Par un mémoire en défense, enregistré le 25 avril 2025, le préfet du Calvados conclut au rejet de la requête.
Il soutient que les moyens invoqués par le requérant ne sont pas fondés.
M. B a été admis au bénéfice de l’aide juridictionnelle totale par une décision du 2 juillet 2025.
Vu les autres pièces du dossier.
Vu :
— l’accord franco-algérien du 27 décembre 1968 modifié relatif à la circulation, à l’emploi et au séjour des ressortissants algériens et de leurs familles ;
— le code de l’entrée et du séjour des étrangers et du droit d’asile ;
— la loi n° 91-647 du 10 juillet 1991 relative à l’aide juridique ;
— le code de justice administrative.
Le président de la formation de jugement a dispensé le rapporteur public, sur sa proposition, de prononcer des conclusions à l’audience.
Les parties ont été régulièrement averties du jour de l’audience.
Ont été entendus au cours de l’audience publique :
— le rapport de M. Cheylan,
— les observations de Me Wahab, représentant M. B.
Le préfet du Calvados n’était ni présent, ni représenté.
Considérant ce qui suit :
1. M. A B, ressortissant algérien né le 4 octobre 1992 à Sidi Lakhdar (Algérie), a déclaré être entré en France en janvier 2017. Il a sollicité le 17 novembre 2022 la délivrance d’un certificat de résidence pour algérien en tant que parent d’enfant français mineur sur le fondement de l’article 6 4) de l’accord franco-algérien.
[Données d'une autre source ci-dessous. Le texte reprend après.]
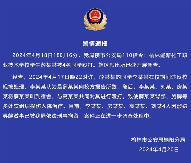 央視網(wǎng)消息:據(jù)陜西榆林公安消息,2024年4月18日18時(shí)16分,榆陽公安局接市公安局110指令:榆林能源化工職業(yè)技術(shù)學(xué)校學(xué)生薛某某被4名同學(xué)毆打。轄區(qū)派出所迅速開展調(diào)查。

Par un arrêté du 19 mars 2025, dont le requérant demande l’annulation, le préfet du Calvados, qui a mis en œuvre les dispositions de l’article 14 de la loi du 26 janvier 2024, a refusé son admission au séjour, l’a obligé à quitter le territoire français dans un délai de trente jours, a fixé son pays de destination et a prononcé à son encontre une interdiction de retour sur le territoire français pendant une durée de cinq ans.
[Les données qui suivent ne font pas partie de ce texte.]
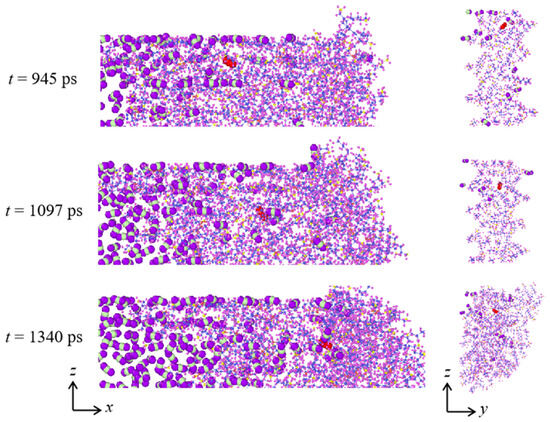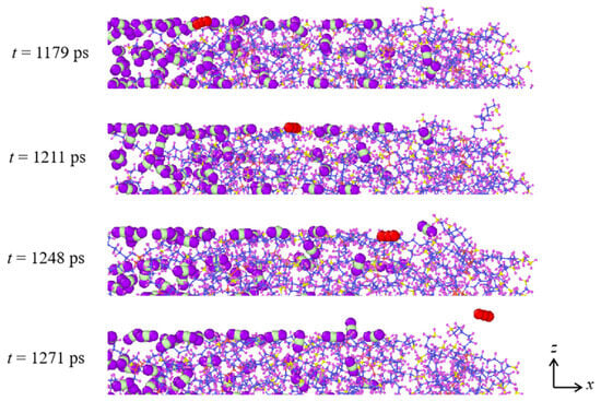 The leakage path of high-pressure CO2 molecules through the grease is quite important to understand the sealing performance of greases. The atomic visualizations show that at low temperature (e.g., T = 330 K), the CO2 molecules inside of the channel are mainly distributed on the interface between the grease and the channel in a disordered manner, which is different from the literature [,]. These CO2 molecules diffuse along the interface, and part of them is finally released by passing through the whole interface, as shown in Figure 4. With the T further increasing (e.g., T = 330 K), besides the interface as leakage paths, CO2 molecules distributed inside of the grease can also continue to penetrate into the grease and are finally released. This can be verified by tracking the movement of certain CO2 molecules, as in the configurations given in Figure 5. These configurations are captured by slicing the grease in its middle part, and the targeted CO2 molecule is labeled in red. It is evident that this molecule can move toward the outlet, and its position is always inside of the grease, thus validating that the diffusion of CO2 molecules inside of the grease contributes to their leakage at high T. Therefore, it is evident that the leakage paths at a low T are dominated by the interface between the grease and the channel, but they consist of both the interface and the bulk penetration through the grease at a high T.

Sur la demande d’aide juridictionnelle provisoire :
2. M. B a été admis le 2 juillet 2025 au bénéfice de l’aide juridictionnelle totale. Par suite, il n’y a plus lieu de statuer sur ses conclusions tendant à ce qu’il soit admis à l’aide juridictionnelle provisoire, qui sont devenues sans objet.
Sur les conclusions aux fins d’annulation :
En ce qui concerne le moyen commun aux décisions attaquées :
3. Par un arrêté du 11 février 2025, publié au recueil des actes administratifs spécial de la préfecture n° 14-2025-065 du 13 février 2025 et consultable sur le site internet de la préfecture, le préfet du Calvados a donné délégation à M. C D, chef du service de l’immigration, à l’effet de signer tous les arrêtés et décisions relevant des attributions de ce service, à l’exception de certains actes dont ne font pas partie les décisions en litige. Les attributions de ce service comprennent, en application de l’article 3-4 de l’arrêté préfectoral du 30 août 2021 portant organisation des services de la préfecture du Calvados, publié au recueil des actes administratifs spécial de la préfecture n° 14-2021-158 du 31 août 2021 et consultable sur le site internet de la préfecture, la rédaction et la notification des décisions de refus de séjour avec ou sans obligation de quitter le territoire français, les décisions refusant ou octroyant un délai de départ volontaire, la désignation du pays de destination et l’interdiction de retour. Le moyen tiré de l’incompétence du signataire des actes en litige doit, par suite, être écarté.
En ce qui concerne les autres moyens invoqués contre la décision refusant l’admission au séjour :
4. Aux termes de l’article 6 de l’accord franco-algérien visé ci-dessus : « () Le certificat de résidence d’un an portant la mention » vie privée et familiale " est délivré de plein droit : / () 4) au ressortissant algérien ascendant direct d’un enfant français mineur résidant en France, à la condition qu’il exerce même partiellement l’autorité parentale à l’égard de cet enfant ou qu’il subvienne effectivement à ses besoins. Lorsque la qualité d’ascendant direct d’un enfant français résulte d’une reconnaissance de l’enfant postérieure à la naissance, le certificat de résidence d’un an n’est délivré au ressortissant algérien que s’il subvient à ses besoins depuis sa naissance ou depuis au moins un an ; / () « . Il résulte de ces stipulations que le certificat de résidence d’un an portant la mention » vie privée et familiale " est délivré de plein droit à l’ascendant direct d’un enfant français mineur résidant en France à l’égard duquel il exerce l’autorité parentale, sans qu’il ait nécessairement à établir contribuer effectivement à son entretien et à son éducation.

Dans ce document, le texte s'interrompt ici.